Pacheco representa la reencarnación de un personaje anacrónico, al tiempo que consustancial a Andalucía, el cacique. Su eterno retorno a la alcaldía de Jerez y, en definitiva, toda su trayectoria política sólo pueden explicarse por las redes clientelares urdidas mediante malversación de fondos, nepotismo, y prevaricaciones manifiestas. Luego de su condena, pese a ello, numerosas personalidades locales promovieron una iniciativa popular para conseguir su indulto. Sin éxito, gracias a Dios.

  • Un error históricos y suicida: el PA, a la sazón Partido Socialista de Andalucía (PSA), no apoyó desde el comienzo el 151 –la vía rápida-, lo que dinamitó cualquier esperanza posterior de calar en la ciudadanía andaluza. Rojas-Marcos, el mismo que acusa a los andaluces de preferir a formaciones ajenas a nuestra tierra, pactó con Martín Villa una solución a través el artículo 144, un estatuto que daría a Andalucía su autonomía a medias: con Parlamento, Tribunal Superior y Gobierno ejecutivo, pero sin la transferencia de competencias adquiridas por las llamadas comunidades históricas. El acuerdo desbloqueó las negociaciones con el gabinete Suárez, sí, aunque relegaría a Andalucía a la categoría de segunda; una posición que Infante hubiera rechazado.

El entonces ministro Manuel Clavero Arévalo logró introducir en la Constitución el artículo 151, que dotaba de competencias plenas. El anterior pacto por el 144, farragoso en lo comunicativo, complejísimo en lo referente a su puesta en práctica, zancadilleó al PSA, renombrado PA en 1986.
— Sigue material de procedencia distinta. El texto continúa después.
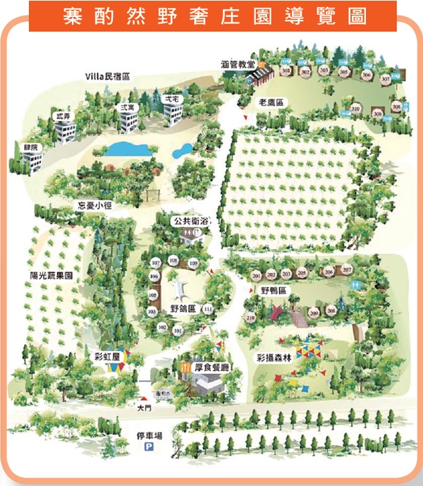 區內植滿綠色草皮,種植羅漢松、流蘇、山櫻花隨季節更換不同的妝彩。冬季落羽松轉紅,當風吹過飄落紅雨如詩如畫,讓旅客放鬆舒壓或跑或跳縱情自然。園區占地約5公頃,擁有老鷹區、野鴨區、野鴿區露營地,以及正在興建中的Villa民宿區,還有涵管教堂、彩虹屋、彩攝森林、厚食餐廳、陽光蔬果園、忘憂小徑,提供1泊2食兼活動的方式進行,活動依季節做調整,讓住客每次來都能體驗不同的活動課程,入夜後升起熊熊營火,大地餐桌上演美食饗宴,主廚精心烹調餐點、自然為景、蟲嗚為樂。睡覺前還能享受星空電影院,讓自己投身在大地之中,享受最自然的反璞歸真。
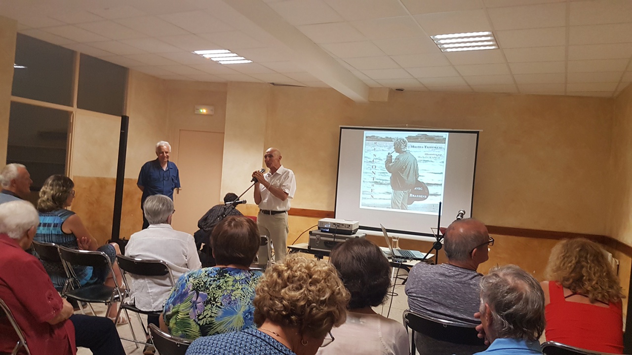 Pour cette inauguration, le maire de Saint Martin de Brômes, Jean-Christophe Pétrigny, conseiller départemental du canton de Valensole, et 1er vice-président de la DLVA, ainsi que Nathalie Ponce-Gassier 1ère vice-présidente du Département des Alpes de haute Provence et Conseillère départementale du canton de Valensole. Le Festival Poésie et chansons au Pays des Lavandes est organisé par l’association Les Poètes des Hautes Terres, et a pour ambition de rapprocher les férus d’une poésie française traditionnelle et populaire et les amoureux de la Haute-Provence. 11 communes accueilleront les artistes de la programmation de cette 6ème édition. Moment d’inauguration autour d’un apéritif en chansons par l’équipe et les artistes permanents du Festival (Jean-Pierre Laurent, Jean-Sébastien Bressy, Erwens, et Jean-Marc Dermesropian). Puis le public a pu assister à une conférence sur Georges Brassens par Michel Trihoreau, conférence suivie d’un concert des chansons de Brassens magnifiquement interprétées par Michel Grange. Un public chaleureux et une très belle soirée qui donne le ton sur la qualité du programme de cette nouvelle édition. A suivre…. Reportage Odile Frison. Jean-Christophe Pétrigny
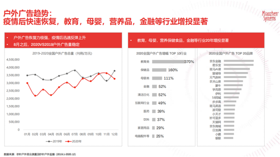 秒針系統(tǒng)戶外受眾測量及秒針系統(tǒng)戶外監(jiān)播數(shù)據(jù)顯示,2020年全國戶外廣告增幅最高的前三個行業(yè)分別為教育類(370%)、保健品(160%)及母嬰類(111%),增幅均超過100%,足以證明這三個行業(yè)對戶外場景效果的認(rèn)可以及對戶外廣告的積極信心。
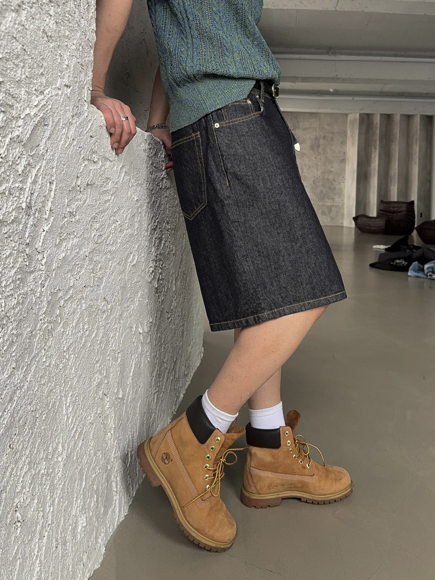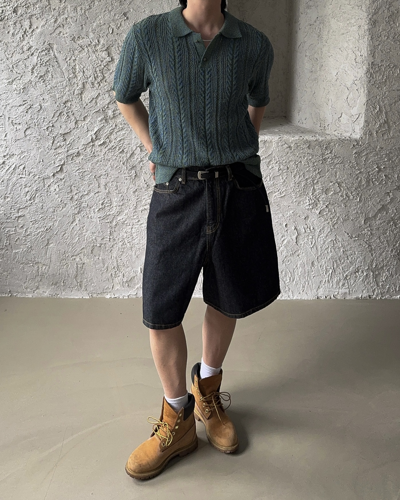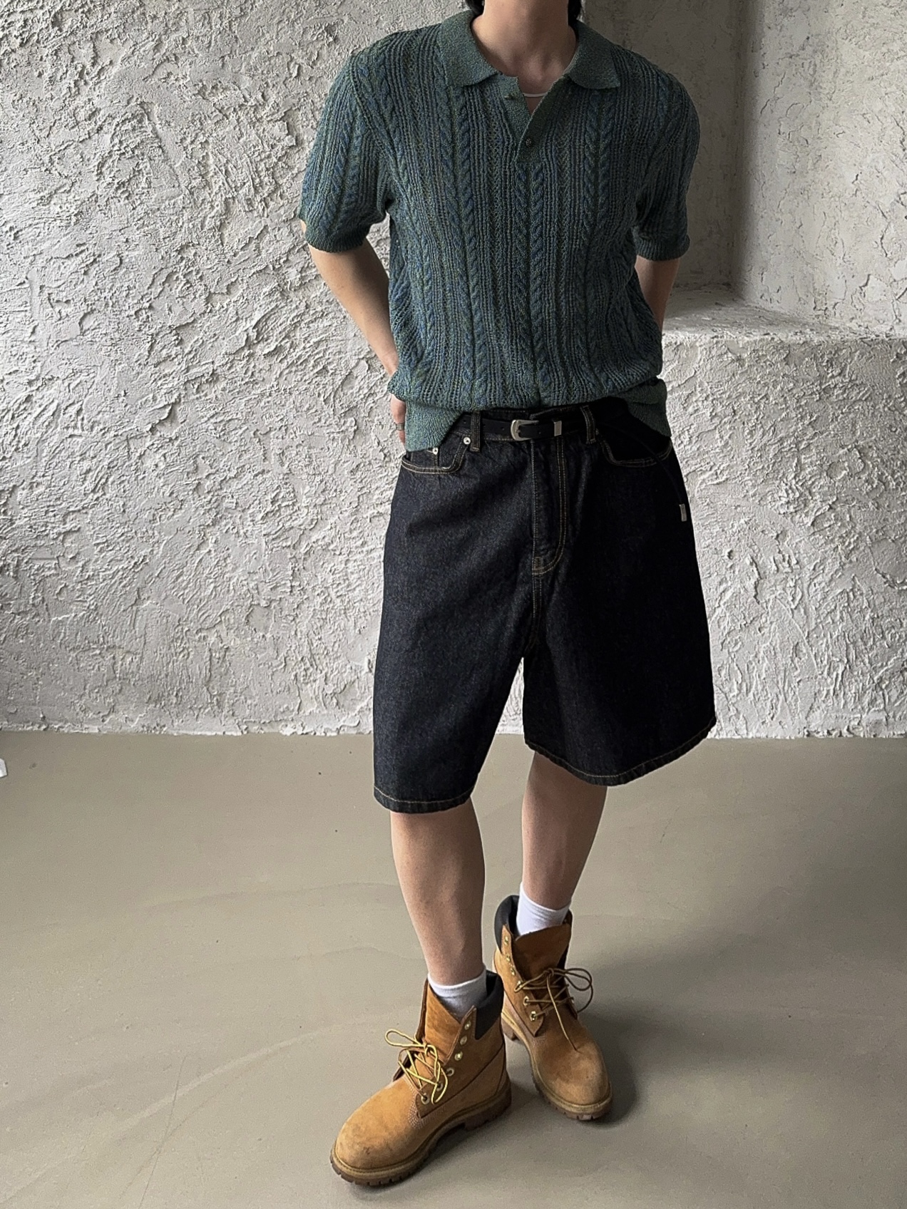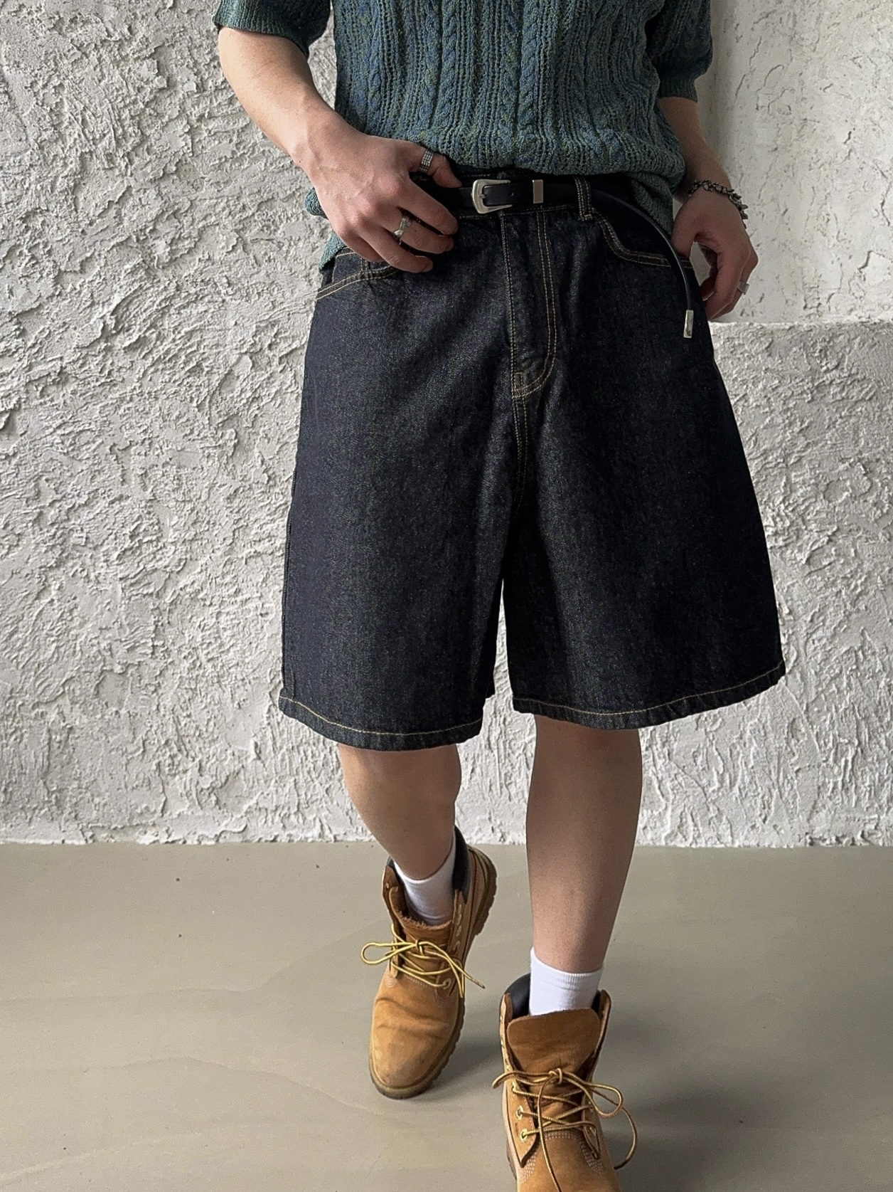 -이염 없는 논페이드 생지 데님으로 제작된 버뮤다 팬츠

  • Andalucismo socialista: el Partido Socialista se arrogó desde el comienzo el movimiento autonomista, lo que ha rentabilizado con creces. La misma iniciativa autonómica partió de poderosos militantes del PSOE-A. Un ascendente que sobrevive en nuestros tiempos. Díaz ha convertido al socialismo andaluz en un aparato que hace oídos sordos a Ferraz cuando le conviene, y al que miran las demás regiones cuando Cataluña emite señales peligrosas. Hoy no existe una distinción clara entre lucha por el andalucismo con participar o simpatizar con las izquierdas, fidelidad a España y desarrollo social. Por ello, una formación que se declare nacional-andalucista choca con que su espacio electoral está habitado, y férreamente, por el PSOE-A Una terreno, asimismo, inasible para una plataforma que ha cometido tantísimas equivocaciones.